Background:
The International Federation of Red Cross and Red Crescent Societies (IFRC) is the world’s largest humanitarian organization, with a network of 192-member National Societies. The overall aim of the IFRC is “to inspire, encourage, facilitate, and promote at all times all forms of humanitarian activities by National Societies with a view to preventing and alleviating human suffering and thereby contributing to the maintenance and promotion of human dignity and peace in the world.” The IFRC works to meet the needs and improve the lives of vulnerable people before, during and after disasters, health emergencies and other crises.
The IFRC is part of the International Red Cross and Red Crescent Movement (Movement), together with its member National Societies and the International Committee of the Red Cross (ICRC). The work of the IFRC is guided by the following fundamental principles: humanity, impartiality, neutrality, independence, voluntary service, unity, and universality.
The IFRC has five regional offices in Africa, Asia Pacific, Middle East and North Africa, Europe, and the Americas. The IFRC also has country cluster delegations and country delegations throughout the world. Together, the Geneva Headquarters and the field structure (regional, cluster and country delegations) comprise the IFRC Secretariat.
At Geneva level the Health and Care Department consists of four teams: Emergency Health, Risk Communication and Community Engagement (RCCE), WASH and Community Health. This consultancy will support the work of the Community Health Team.
The Community Health Team supports a large global malaria partnership, the Alliance for Malaria Prevention (AMP), which is focused on three main activities: (1) coordination of partners involved in insecticide-treated net (ITN) campaign and continuous distribution activities; (2) development of operational guidance for planning and implementation of ITN distribution; and (3) supporting national malaria programmes to identify, address and document operational successes and challenges to meeting the WHO Global Technical Strategy (GTS) targets for high coverage and use of ITNs. AMP is a workstream within the RBM Partnership to End Malaria and is a partnership of more than 40 organizations, including government, private sector, faith-based and humanitarian organizations. Harnessing the global leadership and management systems of IFRC, AMP is uniquely positioned to support and advance country-level efforts to promote high-quality, high-impact, efficient distribution of ITNs to increase population access to nets in malaria endemic countries through both campaign and continuous distribution channels.

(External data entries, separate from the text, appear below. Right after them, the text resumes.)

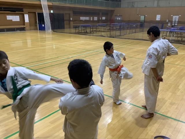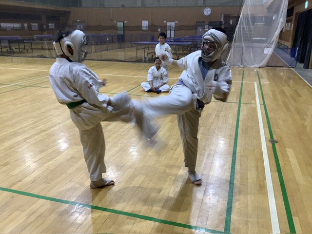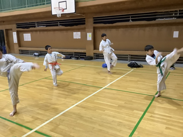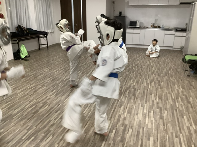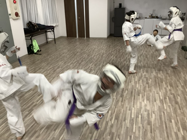 移動稽古。回し蹴り。
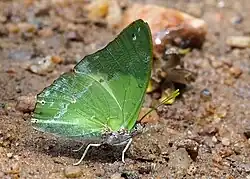 The green colouration is produced by pigments as opposed to being produced structurally, which is common in most green butterflies.
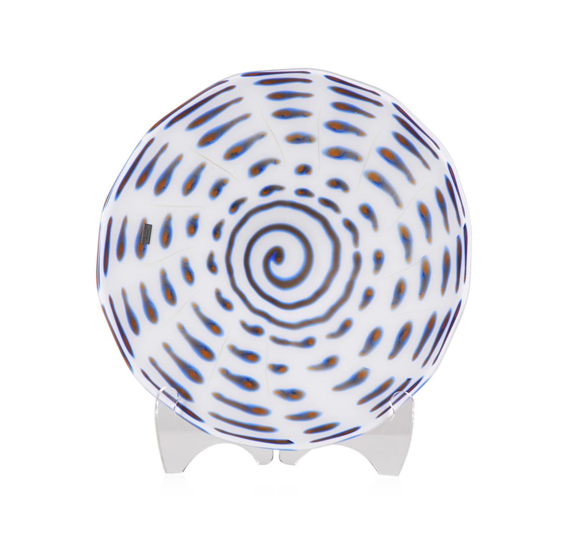This large, heavy weight centerpiece tray, from the Menagerie Collection, is a magnificent hand made art glass and will go in any room with any décor. It is white, vibrant blue and touch of orange. Striking. Mfg No. 161583 Trinidad Menagerie Centerpiece. Art Glass. Hand Wash. Imported - Hand made in Poland, 1.5" H x 19.5" W. This Stylish glass tray from the Evolution Trinidad collection is inspired by the exotic species that roam the world's most striking landscapes. Features a free flowing interpretation of the coat of the Ocelot.
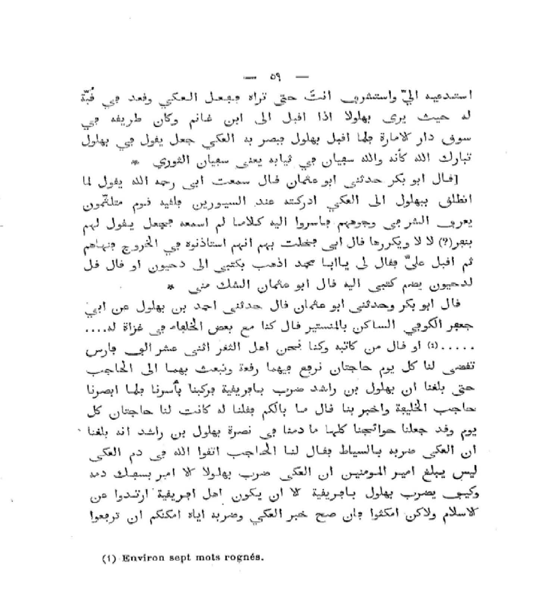 قَالَ أَبُو بَكْرٍ مُحَمَّدُ بْنُ اللَّبَّادِ: وَحَدَّثَنِي أَبُو عُثْمَانَ سَعِيدُ بْنُ مُحَمَّدٍ، قَالَ: حَدَّثَنِي أَحْمَدُ بْنُ بُهْلُولٍ، عَنْ أَبِي جَعْفَرٍ أَحْمَدَ الْكُوفِيِّ السَّاكِنِ بِالْمُنَسْتِيرِ، قَالَ: كُنَّا فِي غَزَاةٍ مَعَ بَعْضِ الْخُلَفَاءِ، وَكُنَّا مَعَهُ مِنْ أَهْلِ الثُّغُورِ اثْنَيْ عَشَرَ أَلْفِ فَارِسٍ، تُقْضَى لَنَا كُلَّ يَوْمٍ حَاجَتَانِ نَرْفَعُ فِيهِمَا رُقْعَةً، وَنَبْعَثُ بِهَا إِلَى الْحَاجِبِ، حَتَّى بَلَغَنَا أَنَّ بُهْلُولَ بْنَ رَاشِدٍ ضُرِبَ بِإِفْرِيقِيَّةَ، فَأَتَيْنَا بِأَسْرِنَا إِلَى بَابِ الْخَلِيفَةِ، فَلَمَّا أَبْصَرْنَا حَاجِبَ الْخَلِيفَةِ، وَأَخْبَرَنَا، قَالَ: مَا بَالُكُمْ؟ فَقُلْنَا لَهُ: كَانَتْ لَنَا حَاجَتَانِ كُلَّ يَوْمٍ، وَقَدْ جَعَلْنَا حَوَائِجَنَا كُلَّهَا مَا دُمْنَا فِي نُصْرَةِ بُهْلُولِ بْنِ رَاشِدٍ، إِنَّهُ بَلَغَنَا أَنَّ الْعَكِّيَّ ضَرَبَهُ بِالسِّيَاطِ، فَقَالَ لَنَا الْحَاجِبُ: اتَّقُوا اللَّهَ فِي دَمِ الْعَكِّيِّ، لَيْسَ يَبْلُغُ أَمِيرَ الْمُؤْمِنِينَ أَنَّ الْعَكِّيَّ ضَرَبَ بُهْلُولا إِلا أَمَرَ بِسَفْكِ دَمِهِ، وَكَيْفَ يُضْرَبُ بُهْلُولٌ بِإِفْرِيقِيَّةَ إِلا أَنْ يَكُونَ أَهْلُ إِفْرِيقِيَّةَ ارْتَدُّوا عَنِ الإِسْلامِ؟ وَلَكِنِ امْكُثُوا فَإِنْ صَحَّ خَبَرُ الْعَكِّيِّ وَضَرْبُهُ إِيَّاهُ أَمْكَنَكُمْ أَنْ تَرْفَعُوا
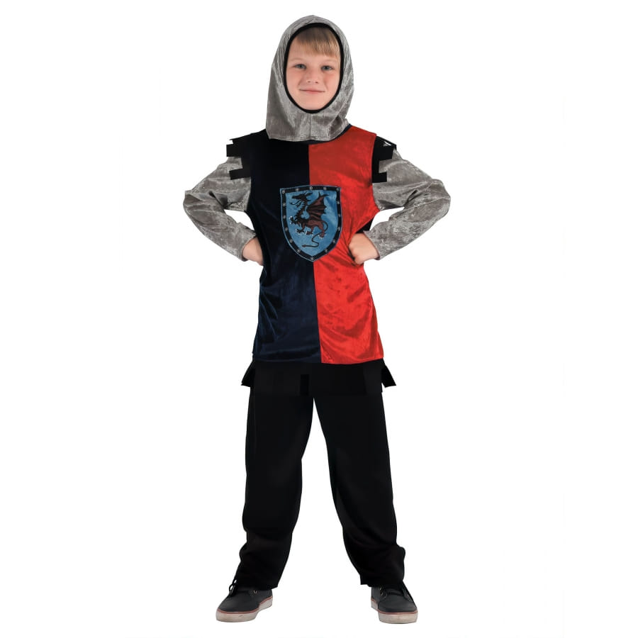 Voici le costume qui fera de votre garçon le chevalier le plus valeureux du royaume ! Commencez par la tunique, une pièce maîtresse qui a tout pour plaire. Avec son effet velours des plus douillets, elle se pare de nuances grises, rouges et bleues. Mais ce qui la rend vraiment spéciale, c'est cet écusson placé fièrement sur le devant. Symbole de bravoure et d'honneur, il montre que son porteur est un chevalier de haut rang.
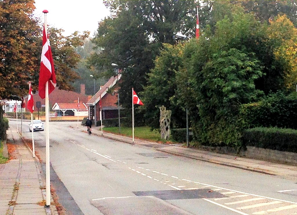 | Flagalléen lørdag 5/10-13 hyldede Mårslet Skoles personale. 5. oktober er FNs Internationale Lærerdag. Den markeres med lærerhyldest i mere end 100 lande verden over. FN har indført dagen for at anerkende den enorme betydning, lærerne har for børnenes basisuddannelse i alle verdens lande - og dermed også for de enkelte landes udvikling. På skolerne i Danmark er alle personalegrupper jo faktisk sammen om den komplekse opgave, det er, at dygtiggøre skolebørnene mest muligt på alle felter. Byens flotte flagallé hyldede på dagen derfor alt skolepersonel på Mårslet Skole. foto: ©2013 Dorthe Ryom Fisker
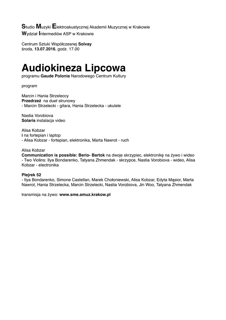 Studio Muzyki Elektroakustycznej Akademii Muzycznej w Krakowie Wydział Intermediów ASP w Krakowie Centrum Sztuki Współczesnej Solvay środa, 13.07.2016, godz. 17.00 Audiokineza Lipcowa programu Gaude Polonia Narodowego Centrum Kultury program Marcin i Hania Strzeleccy Przedrzeź na duet strunowy - Marcin Strzelecki - gitara, Hania Strzelecka - ukulele Nastia Vorobiova Solaris instalacja video Alisa Kobzar i na fortepian i laptop - Alisa Kobzar - fortepian, elektronika, Marta Nawrot - ruch Alisa Kobzar Communication is possible: Berio- Bartok na dwoje skrzypiec, elektronikę na żywo i wideo - Two Violins: Ilya Bondarenko, Tatyana Zhmendak - skrzypce, Nastia Vorobiova - wideo, Alisa Kobzar - electronika Plejrek 52 - Ilya Bondarenko, Simone Castellan, Marek Chołoniewski, Alisa Kobzar, Edyta Mąsior, Marta Nawrot, Hania Strzelecka, Marcin Strzelecki, Nastia Vorobiova, Jin Woo, Tatyana Zhmendak transmisja na żywo: www.sme.amuz.krakow.pl
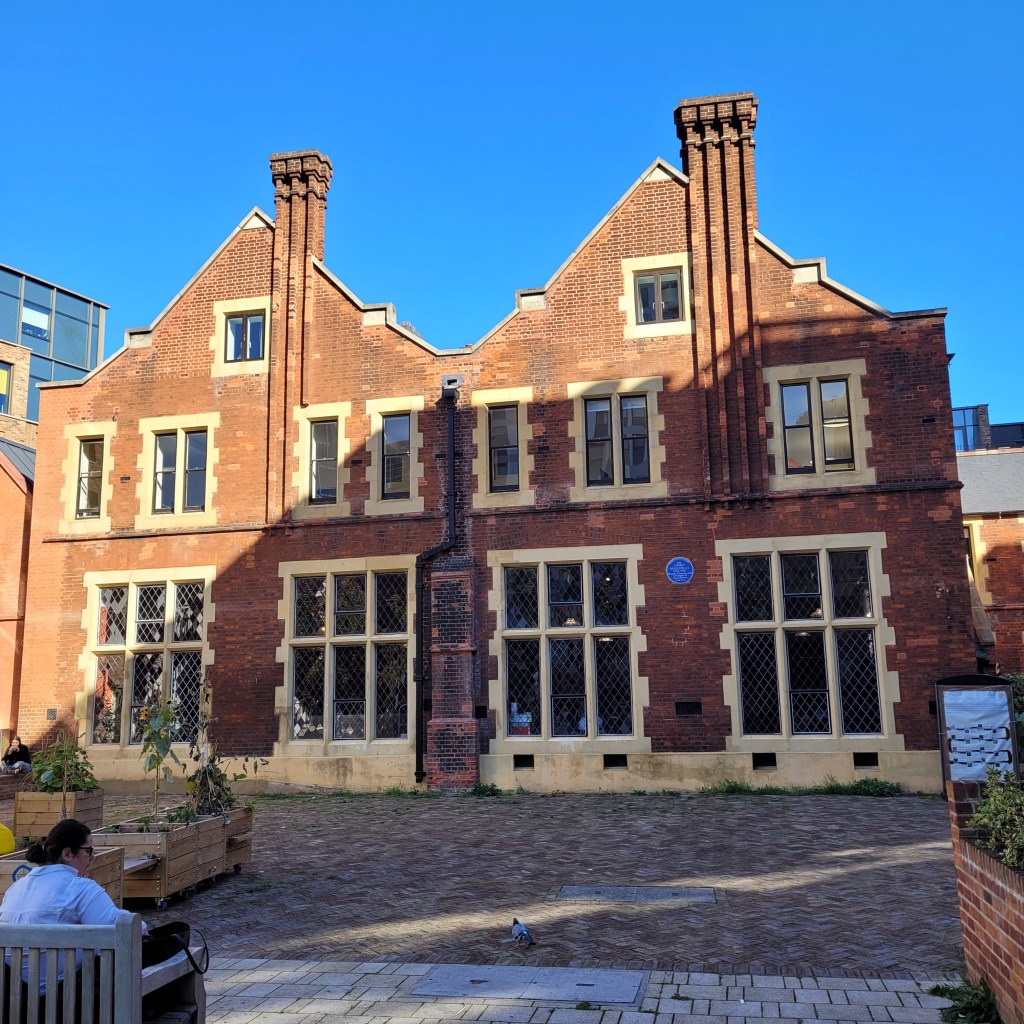 According to the National Trust, they are not “Roman, but in fact the remaining portion of a cistern built in 1612 to feed a fountain in the gardens of the old Somerset House, then a royal palace. After a long period of neglect and decay, following the demolition of the fountain, they were brought back into use in the 1770s as a public cold plunge bath. They can be viewed by making a request to the Westminster Council. I took the Tube on to visit another favorite London market, Spitalfields, that I have visited and posted about before on my Facebook page. I will post this picture of Christ Church Spitalfields, designed by Nicholas Hawksmoor and consecrated in 1729. And the picture of this interesting Arts and Crafts building that was the home of Dr. Jimmy Mallon, CH, Warden of Toynbee Hall, Champion of Social Reform (according to the Blue Plaque erected there.
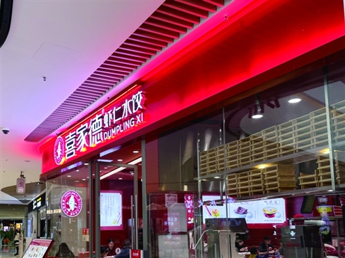 在济南市北部某购物中心的一家喜家德门店内,记者注意到,午餐高峰期时门店内几乎座无虚席,翻台率维持在较高水平。

Over the last twenty years, a significant reduction in global malaria case incidence and mortality rates has been observed globally. The malaria case incidence rate fell from 80 in 2000 to 57 in 2019, while total malaria cases declined from 238 million in 2000 to 229 million in 2019. The mortality incidence rate was reduced from 25 in 2000 to 10 in 2019, while the total number of deaths fell from 736 000 in 2000 to 409 000 in 2019[1]. Despite these achievements, of the estimated 1.5 billion malaria cases and 7.6 million malaria deaths averted globally since 2000, most cases (82%) and deaths (94%) averted were in the African Region, followed by the South-East Asia Region (10% and 3%). In 2017, WHO’s annual World Malaria Report warned that the global response had reached a “crossroads” and that progress towards critical GTS targets for reductions in disease and death was off track. For a second consecutive year in 2018, the World Malaria Report indicated a stall in progress. Of particular concern was the report’s finding that, among the 10 highest burden African countries, there were 3.5 million more cases in 2017 over the previous year.
Malaria continues to take a heavy toll on pregnant women and children, particularly in Africa. Left untreated, malaria in pregnancy can lead to maternal death, anemia and low birth weight – a major cause of infant mortality. In 2019, an estimated 11.6 million pregnant women living in 33 African countries with moderate-to-high transmission were infected with malaria (35% of all pregnancies). As a result, an estimated 822 000 children in these 33 countries were born with a low birth weight.
Coverage gaps are an important contributor to non-achievement of the WHO Global Technical Strategy targets, particularly in hard-to-reach, conflict-affected and marginalized communities. While expanded access to WHO-recommended malaria control interventions has played a critical role in reducing the global burden of the disease since 2000, a large proportion of the population at risk of malaria – particularly in the WHO African region – continues to lack access to prevention, diagnosis and treatment.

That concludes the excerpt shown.